WHAT IS NEEDED:
All lines below between the line with "A full hunter" and the line with "每周任务也有对应的奖励,累计", including both, must be copied exactly, and the pictures must be omitted.
BEGIN ENTRIES PROVIDED
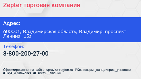 Zepter, торговая компания по адресу 600001, Владимирская область, Владимир, проспект Ленина, 15а в дальнейшем Организация, размещена в следующих категориях:
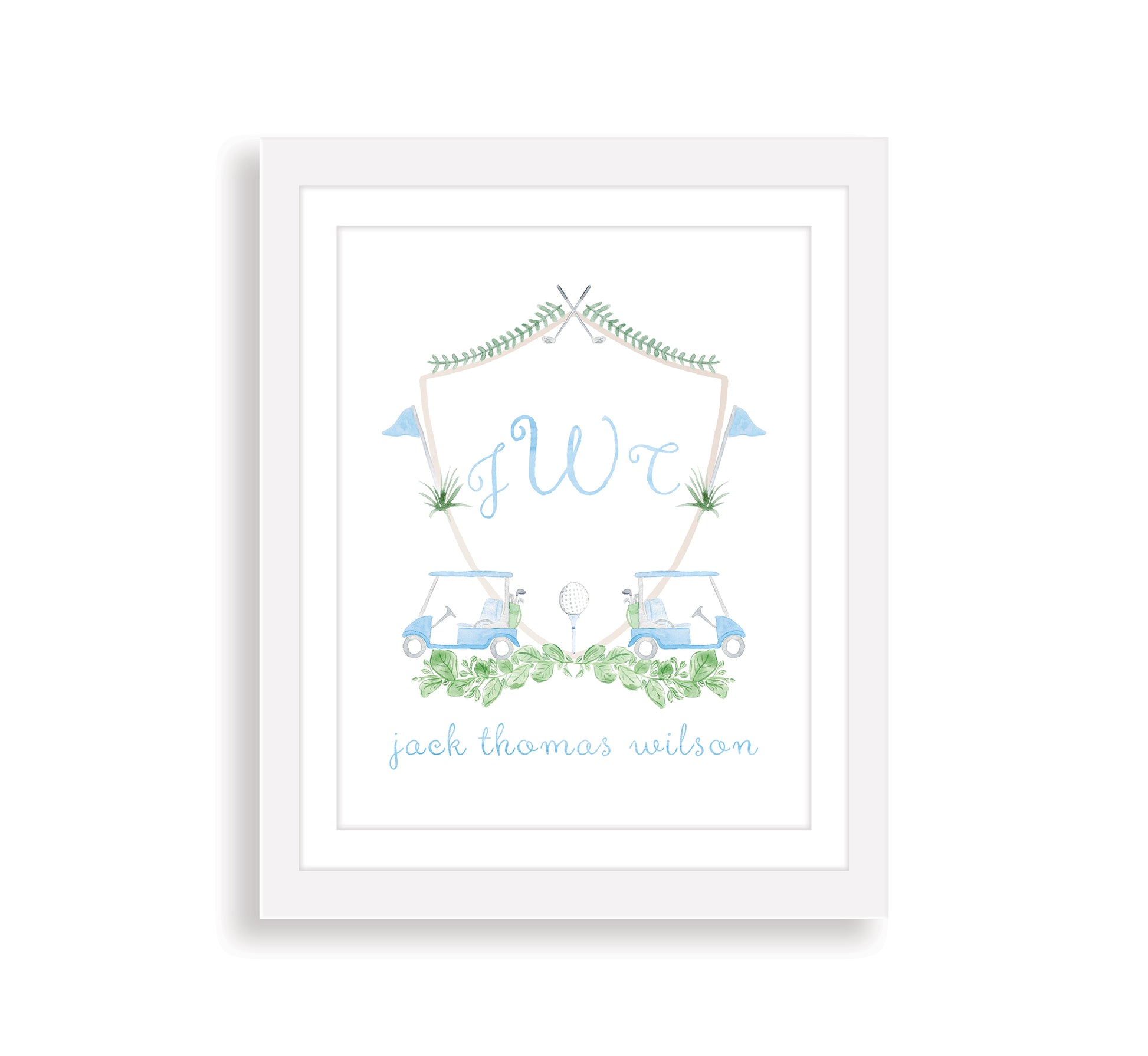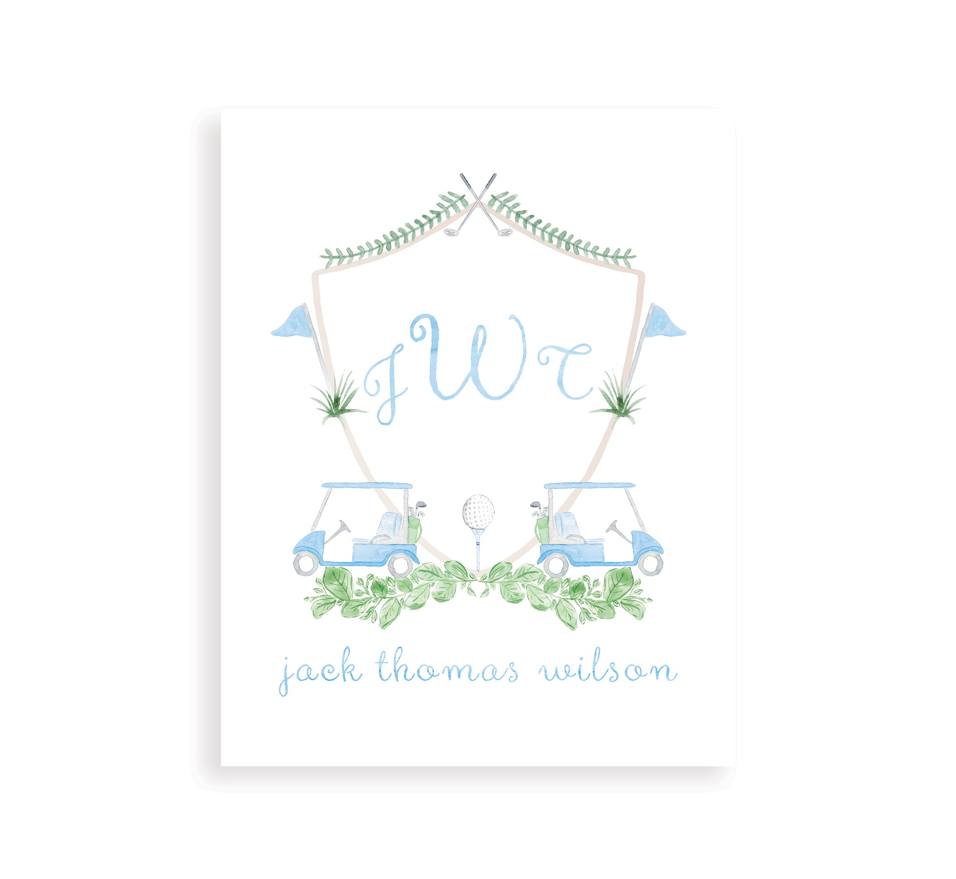 Add a touch of personalization to your baby's nursery with this monogrammed golf crest in blues and greens with the option to add your child's name below the crest. This semi-custom, made-to-order print features a tan crest, blue monogram, golf clubs, golf flags, a golf ball and tee, and golf carts. The print would be perfect for your baby boy's nursery or as a hospital welcome sign.
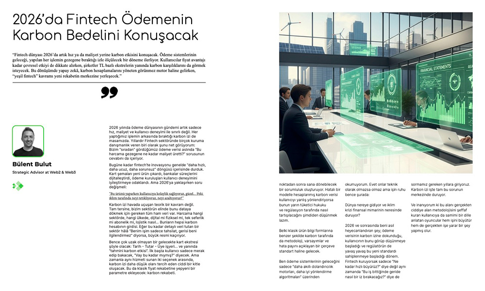 Strategic Advisor at Web2 & Web3 Bülent Bulut, Fintechtime Aralık sayısı için yazdı “2026’da Fintech Ödemenin Karbon Bedelini Konuşacak”.
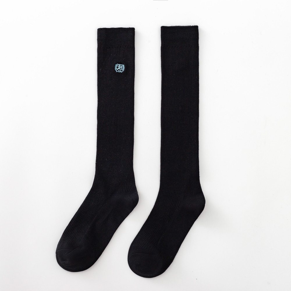 일본 대학 스타일 흰색 자수 중간 길이 양말 단색 긴 모든 일치 얕은 양말 jk 균일 더블 바늘 스택 여성용
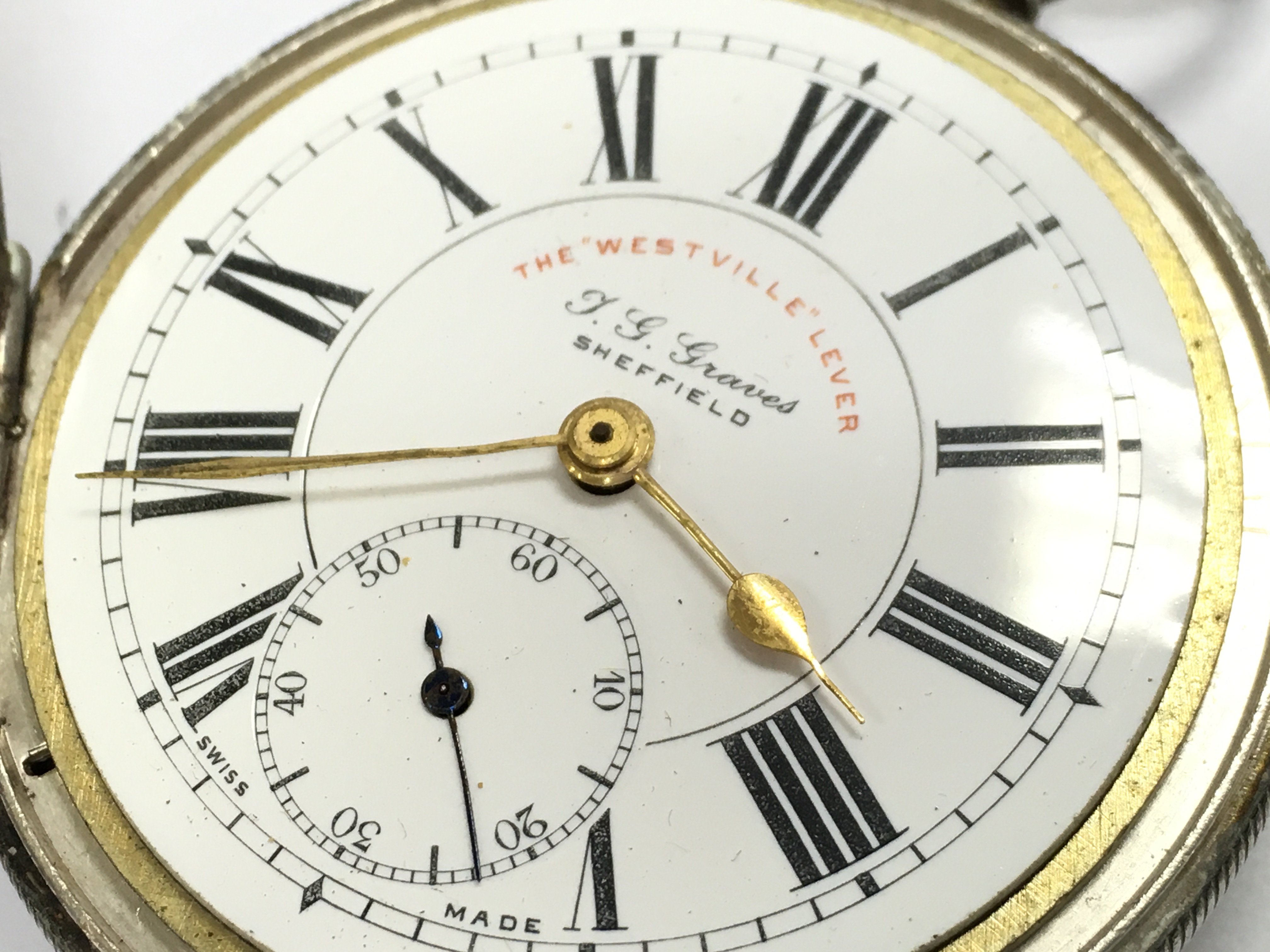 A full hunter silver cased J.G. Graves Sheffield pocket watch marked 935. Postage category A
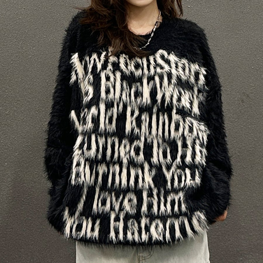 【即納】【早割限定特典10%OFF】D-599 2025秋新作♡blackwork英字ロゴシャギーニット ブラック 1010
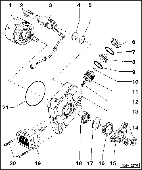 • Complete Haldex clutch, removing and installing. Refer to => [ Haldex Clutch Assembly Overview ] Haldex Clutch Assembly Overview.
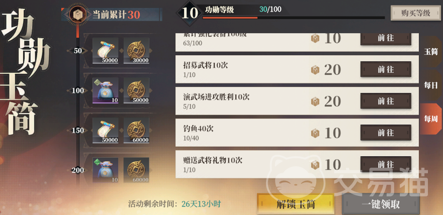 每周任务也有对应的奖励,累计300功勋值有不同的阶段奖励。功勋值的提升还可以提升功勋等级,当功勋等级达到特定顶级就可以获得“功勋竹简”奖励,也就是手游里比较常见的常规战令奖励。
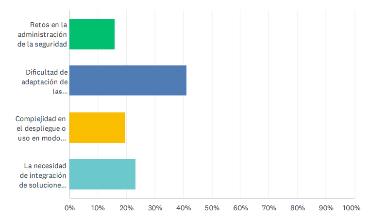 Una cuestión enfocada a quienes sí han migrado era cuáles habían sido los retos tecnológicos a los que se habían tenido que enfrentar. En este sentido, más del 40% afirmaban que el hándicap había sido la dificultad de las aplicaciones legacy; el 23% destacaba la necesidad de integración de soluciones dispares que no siempre responden al uso de una API, y casi el 20% destacaban la complejidad en el despliegue o uso en modo híbrido o multicloud. Otro reto que destacaron fueron los retos en la administración de la seguridad.
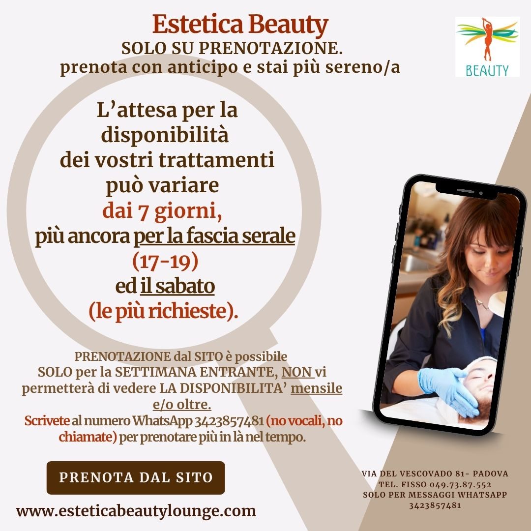 SI RICEVE SOLO ED ESCLUSIVAMENTE SU APPUNTAMENTO GLI APPUNTAMENTI VENGONO PRESI SOLO TELEFONICAMENTE AL 049.73.87.552, DAL SITO WWW.ESTETICABEAUTYLOUNGE.COM O TRAMITE CHAT WHATSAPP AL 342.385.74.81 (NO CHIAMATA E e NO VOCALI) SI CHIEDE IL RISPETTO DELL’ORARIO DI APPUNTAMENTO, DOPO 15 MINUTI Continua…
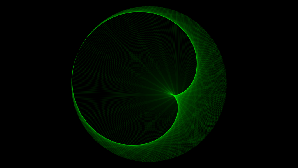 Making a pattern like this is actually quite simple, I started with a series of points spread round in a circle then started drawing straight lines between them doubling the number of the point so
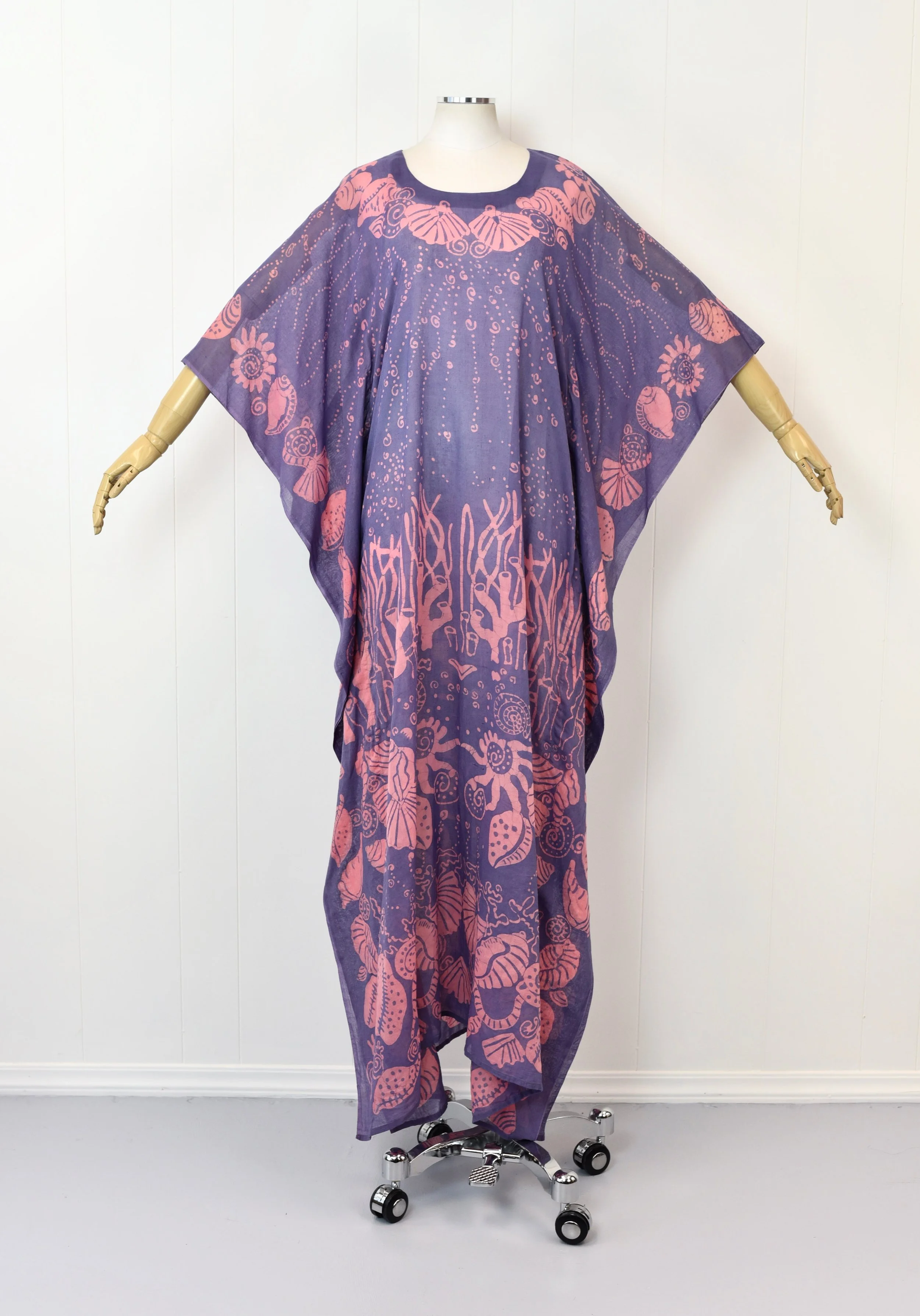 1970s Ramona Rull Batik Purple Pink Seashell Ocean Theme Novelty Print Caftan Maxi Dress
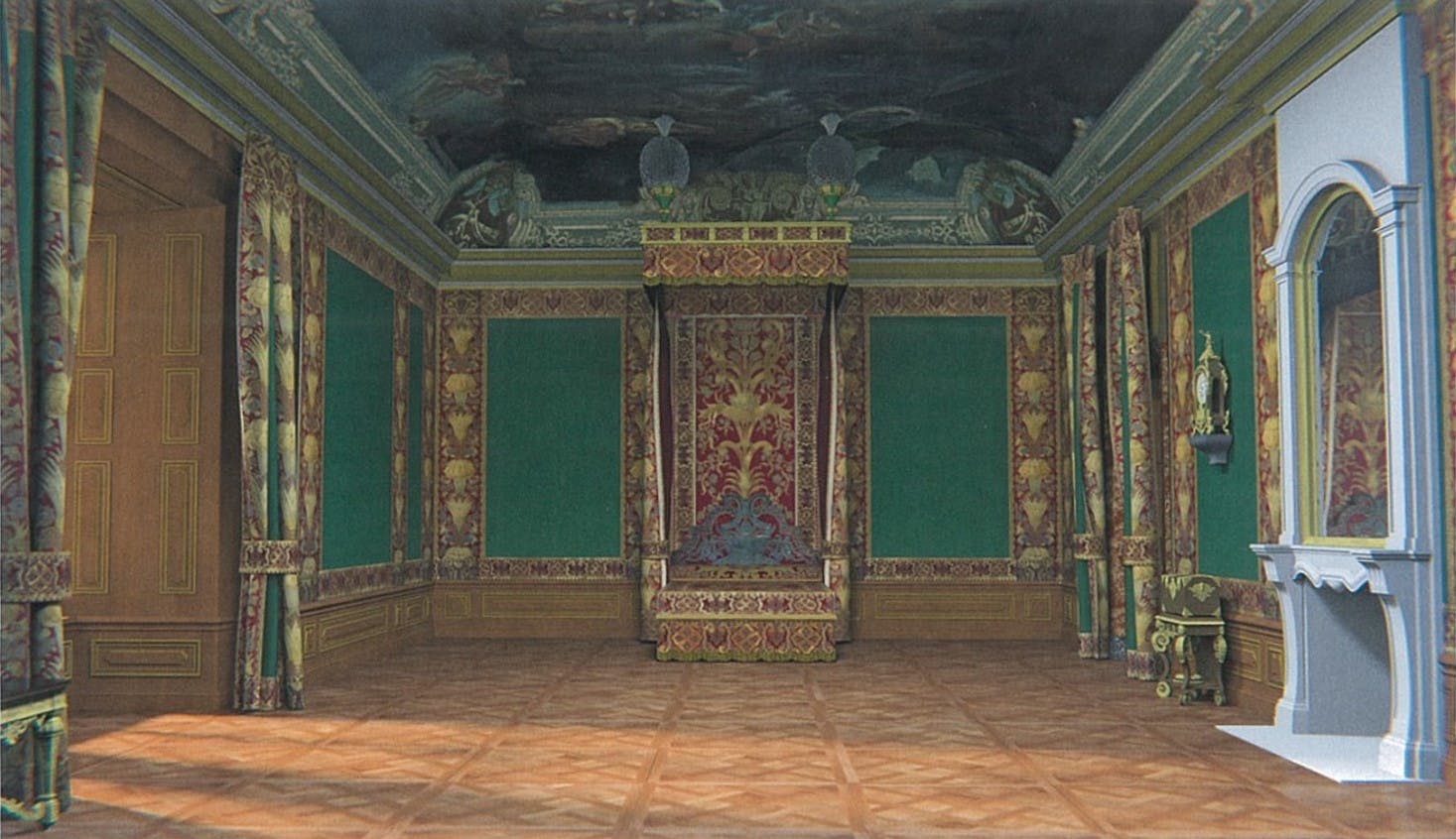 The textile reconstructions concern the wall coverings in hand-woven solid-colour silk velvet in the colours crimson and green and the ceremonial canopy bed, in Imperial style, with parts in solid-colour crimson silk cut velvet and others in embroidered golden ‘teletta’ fabric.
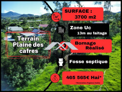 MAXImmo vous propose ce magnifique terrain constructible de plus de 3700 m² environ, situé en zone UC à la Plaine des Cafres (Le Tampon), offrant un potentiel exceptionnel pour une promotion immobilière.
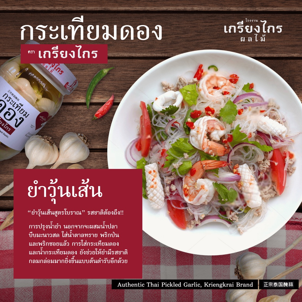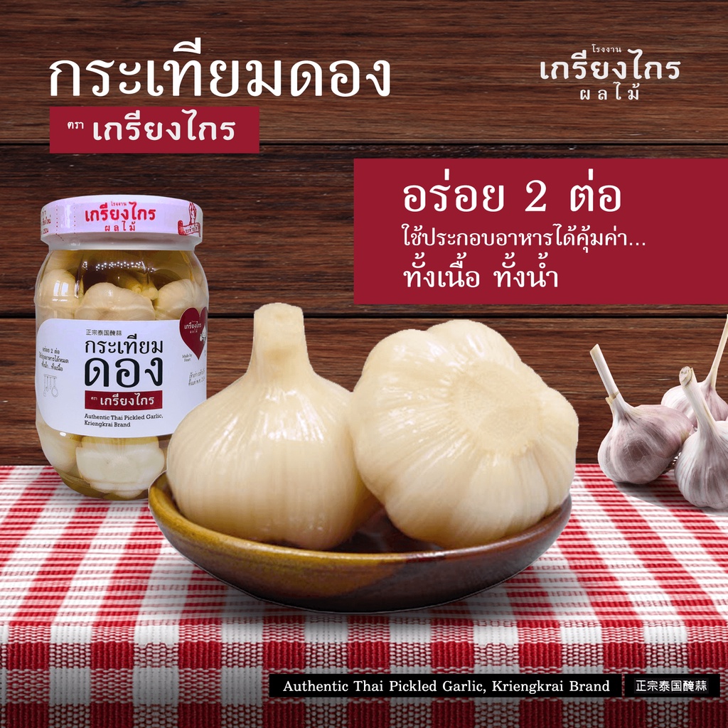 กระเทียมดอง ตราเกรียงไกร เจ้าเก่า 40 ปี ใช้กระเทียมไทยแท้ ๆ ในการดอง
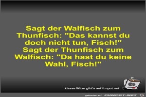| Sagt der Walfisch zum Thunfisch Bild (35.66 KB) 7Lustiges → klasse Sprüche und Witze | Lustiges → klasse Sprüche und Witze | 17.07.22-18:29 | Fossy | |
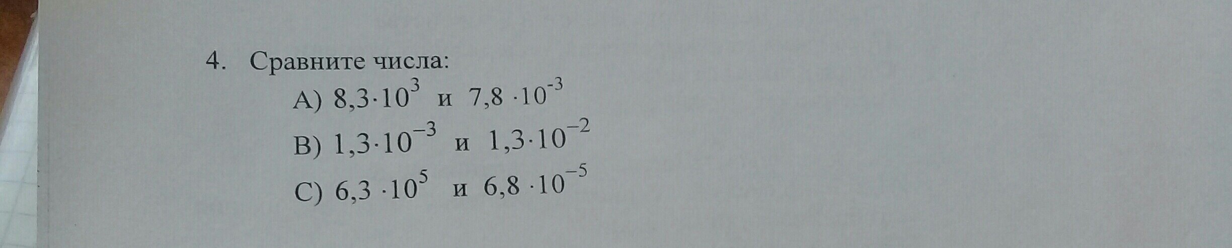 а). 8,3*10^3>7,8*10^-3; б). 1,3*10^-3<1,3*10^-2; с). 6,3*10^5>6,8*10^-5.
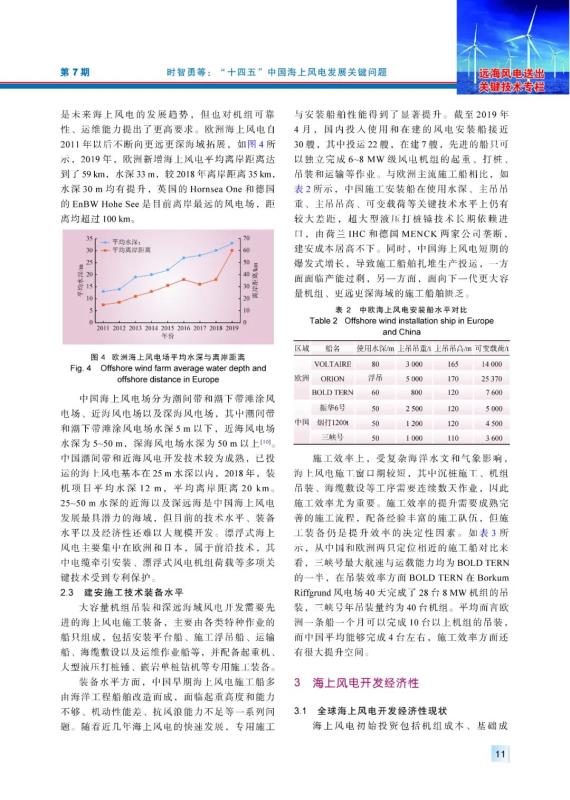 結(jié)論:本文結(jié)合“十三五”以及歐洲海上風(fēng)電開(kāi)發(fā)與運(yùn)行經(jīng)驗(yàn),對(duì)“十四五”中國(guó)海上風(fēng)電技術(shù)裝備能力、經(jīng)濟(jì)性以及開(kāi)發(fā)布局等問(wèn)題進(jìn)行探討。結(jié)果顯示,機(jī)組單機(jī)功率、離岸距離與水深、建安施工裝備與施工效率是衡量海上風(fēng)電技術(shù)的重要標(biāo)志。中國(guó)與歐洲海上風(fēng)電主要國(guó)家還存在一定差距,裝備制造能力可滿足每年300萬(wàn)~500萬(wàn)kW海上風(fēng)電開(kāi)發(fā)需要;度電成本難以媲美歐洲主要國(guó)家,沿海各省雖然資源成本有所差異,但開(kāi)發(fā)效益趨于一致,“十四五”末,福建有望達(dá)到平價(jià)上網(wǎng)水平,其他省份在風(fēng)資源較好、造價(jià)偏低的局部海域可實(shí)現(xiàn)平價(jià),但難以達(dá)到總體平價(jià)上網(wǎng)水平;受資源與省級(jí)規(guī)劃、供應(yīng)鏈產(chǎn)能、施工與吊裝能力、消納能力等約束,“十四五”末,中國(guó)海上風(fēng)電累計(jì)裝機(jī)容量將達(dá)到2500 ~ 3500萬(wàn)kW。最后本文結(jié)合中國(guó)海上風(fēng)電發(fā)展基本情況,分別從資源評(píng)估、機(jī)組選型、安全運(yùn)行以及政策機(jī)制4個(gè)方面提出“十四五”期間促進(jìn)海上風(fēng)電平穩(wěn)有序發(fā)展的基本舉措。
END ENTRIES PROVIDED
THE COMPLETED TASK:
 A full hunter silver cased J.G. Graves Sheffield pocket watch marked 935. Postage category A
 【即納】【早割限定特典10%OFF】D-599 2025秋新作♡blackwork英字ロゴシャギーニット ブラック 1010
 • Complete Haldex clutch, removing and installing. Refer to => [ Haldex Clutch Assembly Overview ] Haldex Clutch Assembly Overview.
 每周任务也有对应的奖励,累计300功勋值有不同的阶段奖励。功勋值的提升还可以提升功勋等级,当功勋等级达到特定顶级就可以获得“功勋竹简”奖励,也就是手游里比较常见的常规战令奖励。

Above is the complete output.